Shares of plant-based food maker Tattooed Chef (NASDAQ:TTCF) rose as much as 19% in the first hour or so on Wednesday. By 10:30 a.m. ET, that gain had been pared a little, to about 14%, but was still notable. The big news was the company’s third-quarter 2021 earnings, which were released after the close on Tuesday.
Tattooed Chef makes plant-based products like riced cauliflower, zucchini spirals, cauliflower pizza crusts, and a variety of “bowls.” This puts the company right in the middle of an up-and-coming “healthy” food category. So it’s little wonder that third-quarter 2021 sales increased 43.5% year over year.
The $17.8 million revenue advance was split between branded products, where sales rose roughly $12.7 million, and private label, where sales increased around $5 million. This shows that the Tattooed Chef brand is gaining scale, which is likely why investors were excited.

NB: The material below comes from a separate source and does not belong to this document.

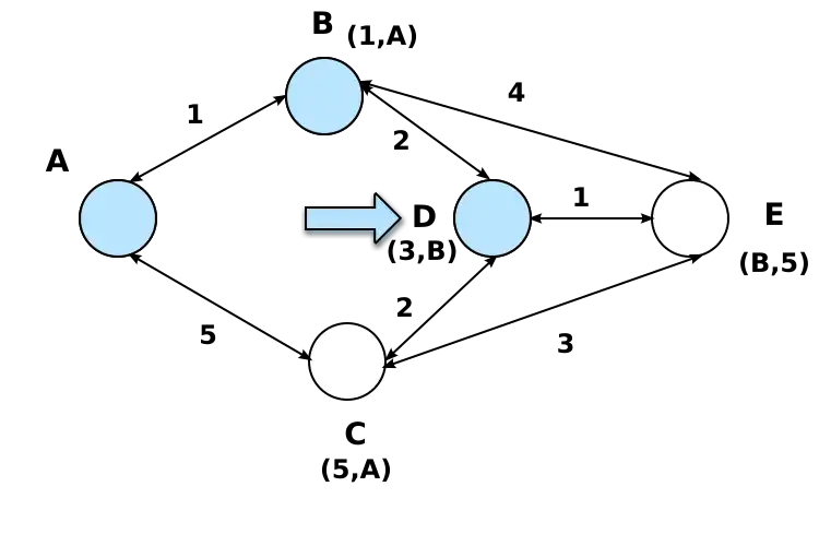 C views B as the best route to D, with cost 1 + 2, so C sends new vector to B. B learns that its former choice for sending to D via C now has higher cost, so B should recompute its vector.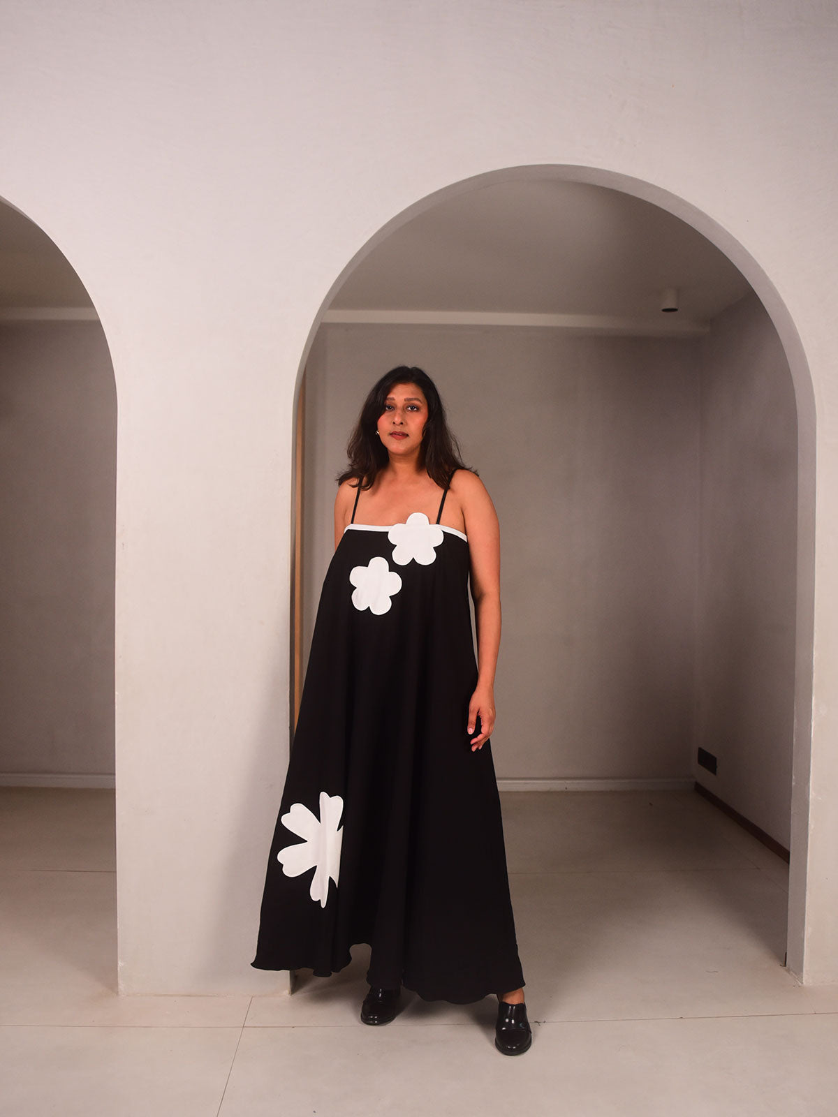 Blank effortless elegance in a timeless, wearable design. Our sleek black strappy dress crafted from cotton linen adorned with delicate white flower appliqué patches for a romantic and feminine touch. Pair with dainty heels or sandals to maintain the elegance of the dress.blank

The problem is that Tattooed Chef is still a relatively small growth-oriented company with a market cap around $1.5 billion. On the bottom line, the food maker lost $8.2 million, or $0.10 per share, compared to a loss of $3.2 million in the year-ago third quarter, or $0.11 per share.
It went public via a blank check company in October last year, so there’s a little noise in the numbers, particularly on a per-share basis. One reason for the loss was that spending on branding and other costs in getting a new product onto grocery store shelves has been high. This is why larger and more-established branded food companies have an advantage over upstarts, since they usually have bigger advertising budgets and more clout with stores.
Such costs aren’t likely to go away anytime soon, so investors should expect the losses here to continue while Tattooed Chef keeps its focus on growth. That might bother a glass-half-empty type of investor, who would probably be better off owning one of the larger players in the food space.
At the end of the day, Tattooed Chef has some interesting products that key in on current food trends. But it is small and still growing, which isn’t exactly good for the profit outlook even as it seems likely to keep expanding its sales. In fact, you could easily argue that the company looks like it would make a good division at a larger food company.
That’s not to suggest that it can’t grow into a more significant competitor all on its own, but just that in the food sector, it is up against stiff competition and faces an uphill climb despite (to its credit) the strong sales growth it is putting up.